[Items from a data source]
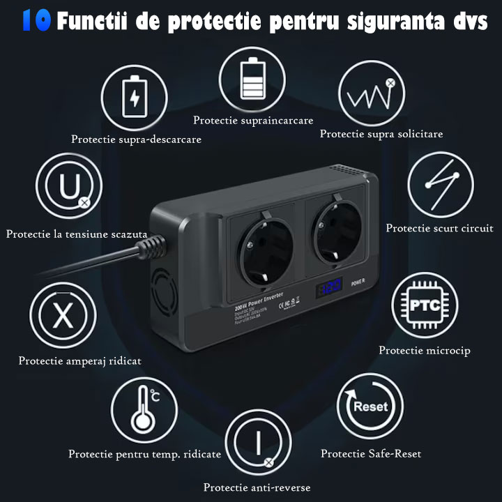 Incarcare multifunctionala, inteligenta: convertorul de tensiune 12 V 220 V / 230 V cu 4 porturi de incarcare USB si 2 prize AC va poate satisface toate nevoile si va permite sa va incarcati smartphone-ul, laptopul, camera foto, aparatul de ras electric sau alte dispozitive electronice in timpul calatoriei. Acest invertor auto are 6 functii de protectie, inclusiv protectie la inalta tensiune, protectie la scurtcircuit, protectie la suprasarcina, protectie la subtensiune, protectie la supracurent si protectie la temperatura ridicata.
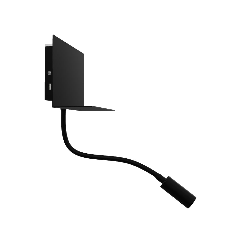Ράφι με ενσωματωμένο LED και θύρα USB για φόρτιση κινητών τηλεφώνων. Η έμμεση πηγή φωτισμού και το σποτ ρυθμίζονται από μεμονωμένους διακόπτες.
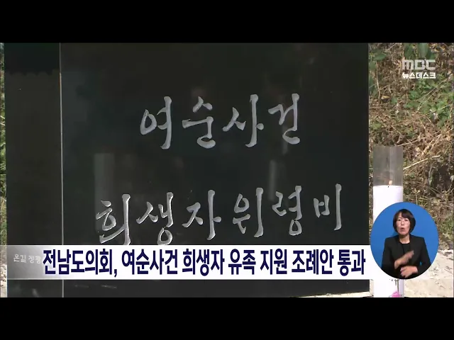 여순사건 희생자 유족에 전라남도가 생활비를 지원할 수 있게 됩니다. 전남도의회는 임시회 본회의에서 신민호 의원이 대표 발의한 여순사건 희생자 유족 생활보조비 지원 조례안을 가결했습니다. 지원 조례는 전남에 주민등록을 두고 거주하는 희생자의 배우자와 형제·자매, 자녀 등을 대상으로, 매달 생활보조비를 지급하...
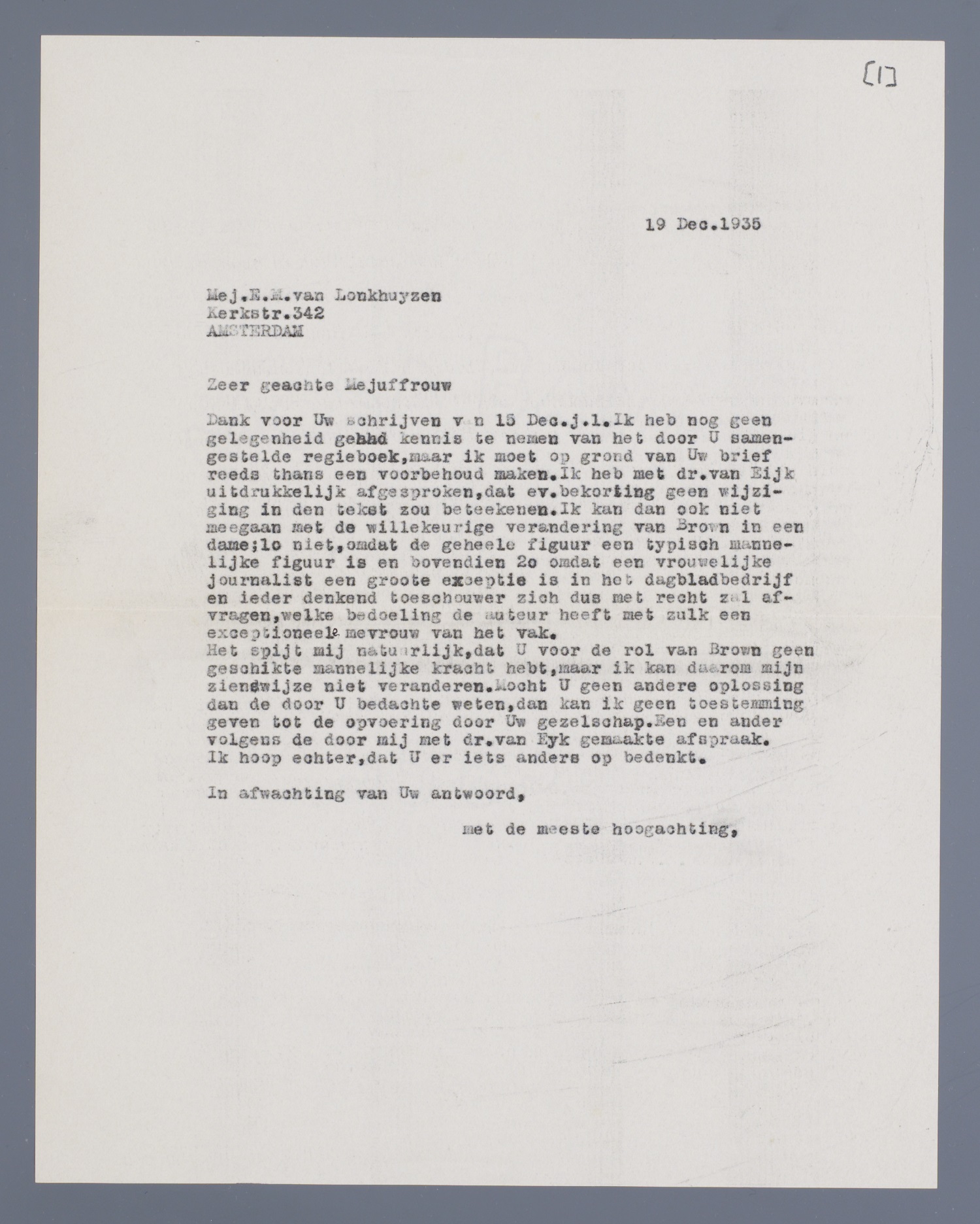 Het spijt mij natuurlijk, dat U voor de rol van Brown geen geschikte mannelijke kracht hebt, maar ik kan daarom mijn zienswijze niet veranderen. Mocht U geen andere oplossing dan de door U bedachte weten, dan kan ik geen toestemming geven tot de opvoering door Uw gezelschap. Een en ander volgens de door mij met dr. van Eyk gemaakte afspraak. Ik hoop echter, dat U er iets anders op bedenkt.
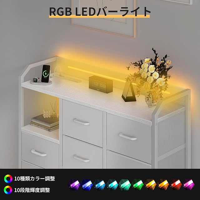 【調整可能なLEDライトストリップでムードを演出】収納チェストの上部には調整可能なLEDライトを搭載。10つのモード、10色、そして8段階の明るさ調整が可能で、生活の雰囲気に合わせて自由に設定できます。夜間でも静かな空間でリラックスでき、化粧台としても最適です。
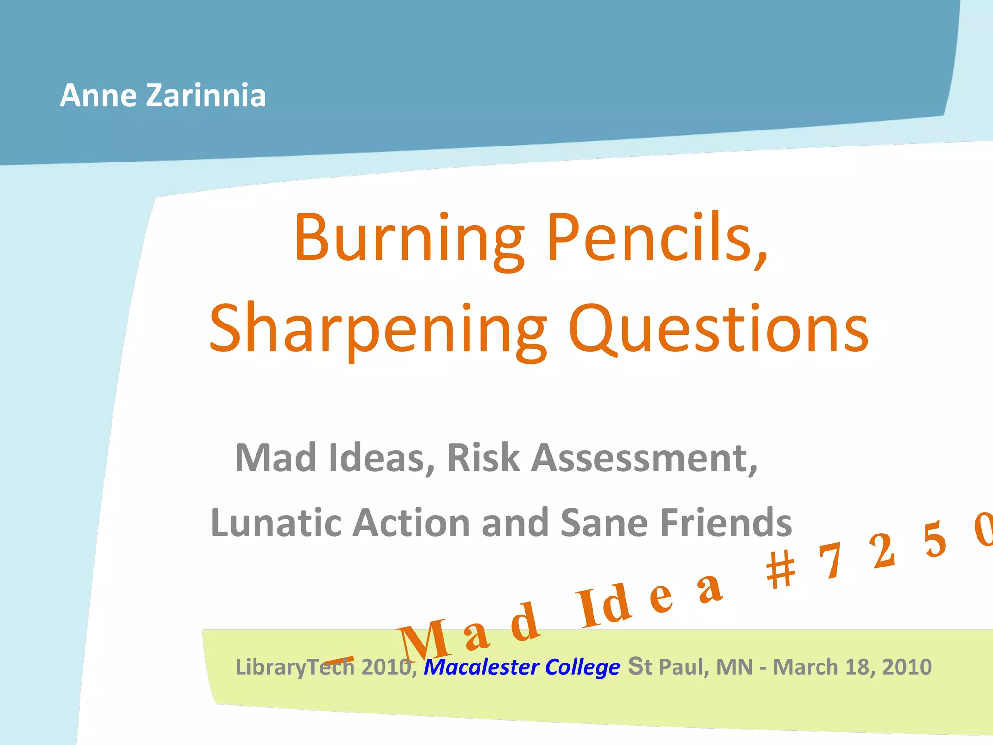 The document discusses several "mad ideas" related to education, including creating a virtual department to educate students, focusing on student outcomes like creativity and problem solving, and allowing children to learn independently through open access to the internet without direct teaching. It also references projects like "holes in the wall" that showed children in India could learn on their own this way. The overall theme is that the current education system is outdated and new, "mad" ideas are needed to transform and improve it.
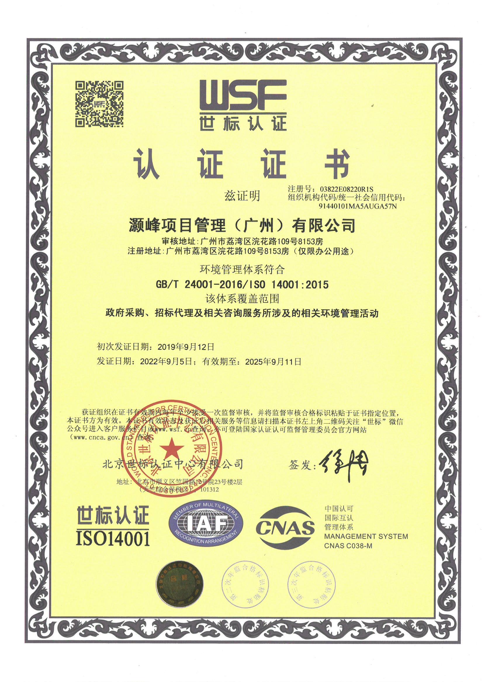 环境管理体系认证证书
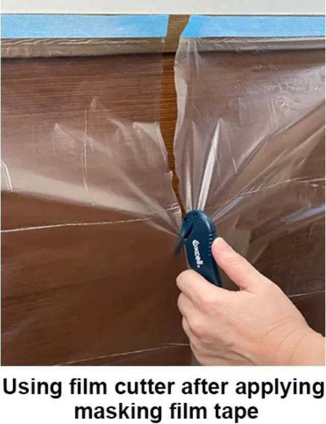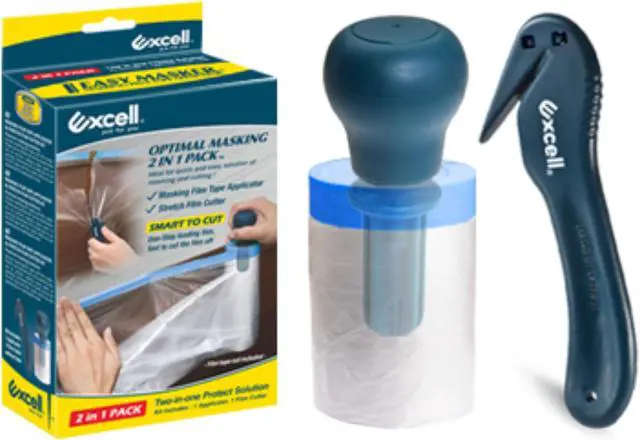 The Excell MS-1709 Easy Masker is a quick and easy solution for masking and cutting. This two-in-one kit includes one film tape applicator and one film cutter. The ergonomic design allows you to easily dispense tape and plastic film to cover floors, fixtures, windows, doors and more. This will protect your surfaces during surface coating, spray paint, or painting. Once you've applied the film, use the cutter to quickly cut the film to the desired length.
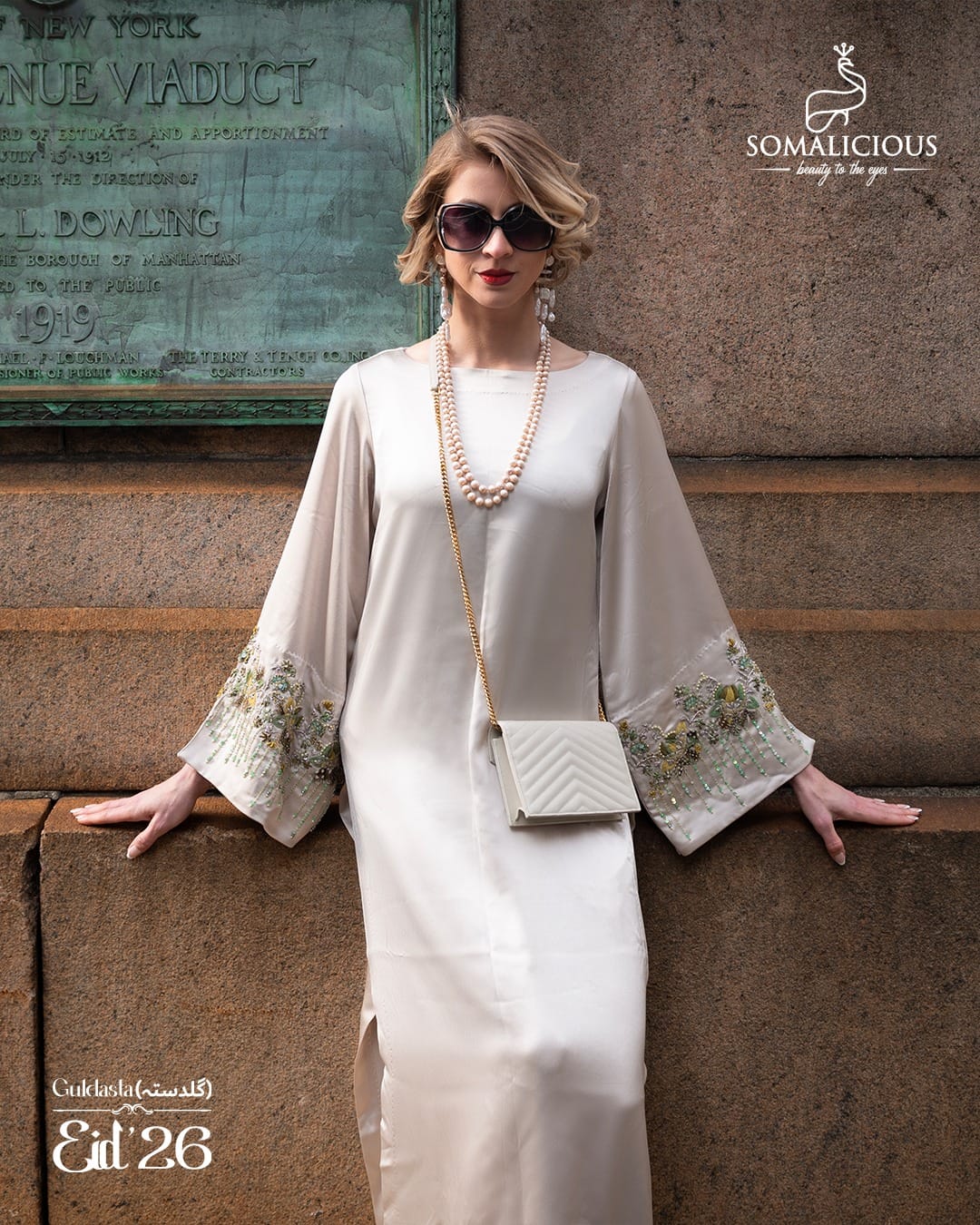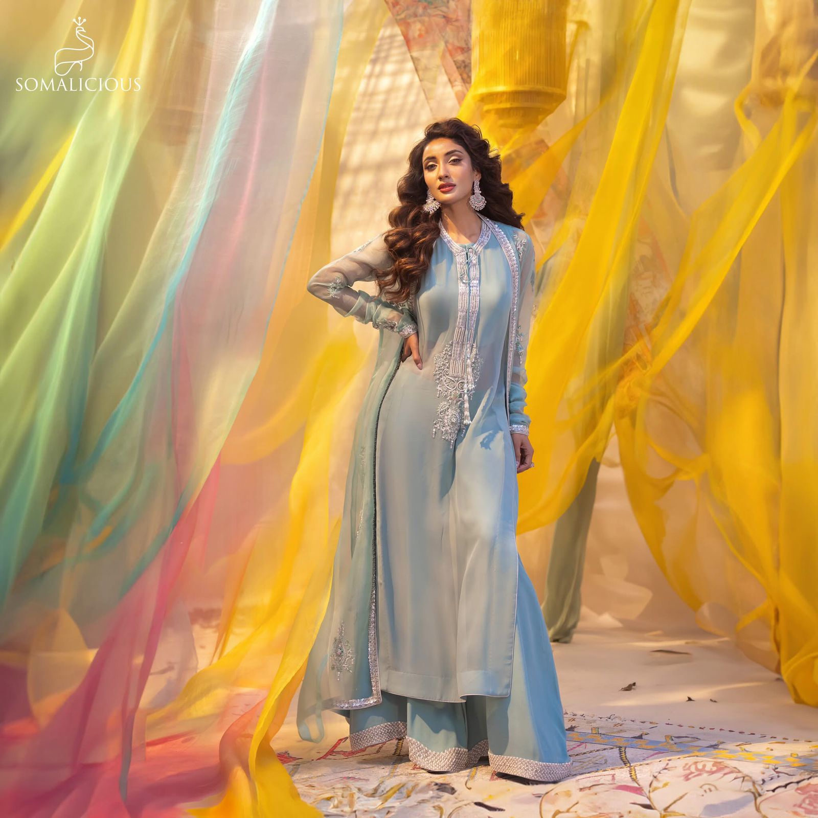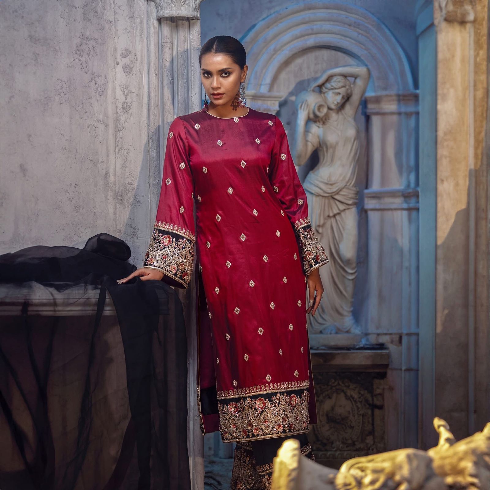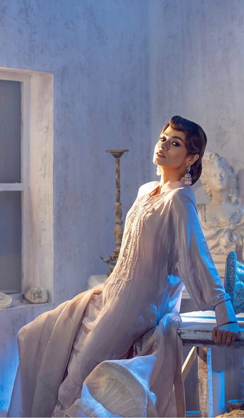 • The Silhouette (Kamiz): A long, straight-cut Kamiz tailored from imported fine crape. The fabric offers a fluid, luxurious drape that skims the body perfectly, providing a sophisticated sheen that shifts with the light.

* _PROBLEM DETAILS_: Both ends included, copy the lines from the one holding "The document discusses" to the last line of the entries exactly, with all pictures left out.

* _SOLUTION TO THIS TASK_:
 The document discusses several "mad ideas" related to education, including creating a virtual department to educate students, focusing on student outcomes like creativity and problem solving, and allowing children to learn independently through open access to the internet without direct teaching. It also references projects like "holes in the wall" that showed children in India could learn on their own this way. The overall theme is that the current education system is outdated and new, "mad" ideas are needed to transform and improve it.
 环境管理体系认证证书
 The Excell MS-1709 Easy Masker is a quick and easy solution for masking and cutting. This two-in-one kit includes one film tape applicator and one film cutter. The ergonomic design allows you to easily dispense tape and plastic film to cover floors, fixtures, windows, doors and more. This will protect your surfaces during surface coating, spray paint, or painting. Once you've applied the film, use the cutter to quickly cut the film to the desired length.
 • The Silhouette (Kamiz): A long, straight-cut Kamiz tailored from imported fine crape. The fabric offers a fluid, luxurious drape that skims the body perfectly, providing a sophisticated sheen that shifts with the light.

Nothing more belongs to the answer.